And does anyone else get the warm and fuzzy feelings from looking at these pics, even though there's nothing you could possibly use that much power for? Ahhh, power...
1. Re:Pics by Anonymous Coward · 2005-03-25 02:47 · Score: 2, Informative
  
  I work at IBM in Rochester Minnesota where the machines are built and housed and I have seen the machines that are being shipped around and installed at Lawrence Livermore and other places... it is an awesome sight. VERY LOUD with the hugs fans above it, and the floor in the building had to be dug down 4 feet to allow for the cabling and air ducts to run underneath everything. What most surprised me is not how fast it is, but how well they were able to get it to scale by using fairly low power processors. The power is not in the processors in it, which are low power to conserve electrocity and heat, but in how amazingly well it scales.
Re:Math Error? by Anonymous Coward · 2005-03-24 20:43 · Score: 5, Informative

Lets see if I can get this right.
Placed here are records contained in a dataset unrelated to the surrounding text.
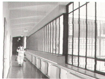
In der Videoarbeit «Bildgang» sind beim Aufnahmeverfahren zwölf Kameras am Körper montiert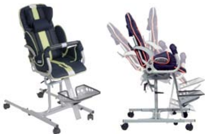
CHASIS PARA INTERIORES. MANIOBRABILIDAD EN PEQUEÑOS ESPACIOS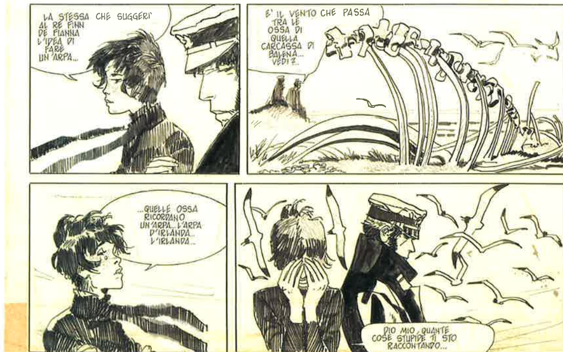
Cong SA Corto Maltese, Concerto in O' minore per arpa e nitroglicerina

I'm going to talk a little bit out of my ass now, but here goes:

Every 512 node backplane has a peak of 1.4tflop/s according to their design doc.

The 32k system benched in at 70. The theoretical peak was 91, so the actual performance is about 77 percent of the peak, which is pretty normal.

The 64k system benched in at 135. The peak should be around 182, so that is 74 percent of the peak.

The design goal is for 360 at 64k. I'm guessing that 360 is the peak, because my rough estimate calculations put the of 64k nodes at about 364. Lets be nice and assume 70% of peak in the actual machine. That would indicate around 255tflop/s at 64k nodes of actual performance, assuming the thing scales at about the same rate.

So, they got their math right as long as they are claiming a peak of 360. That's a theoretical max, and so never actually reached. The actual is notably less. My numbers are estimates, and so 364 not equalling 360 doesn't bother me much in the end.

Anyone care to correct anything?

Also, can someone explain to me why Cray's Redstorm won't kick this things ass performance wise. Redstorm should have 10k processors, but they are 64bit Opteron 2.4ghz processors with 4x the ram per node. These, I believe, are 700mhz processors.

I'm confused because Redstorm only has a theoretical peak of about 40tflops off the 10k nodes. IBM's system at 10k should have a peak at around 30tflops. I'm wondering how 64bit opterons at more than 3x the speed could only be 10flops faster at 10k nodes than 700mhz 32bit PPCs with 1/4 the ram. Can someone please explain?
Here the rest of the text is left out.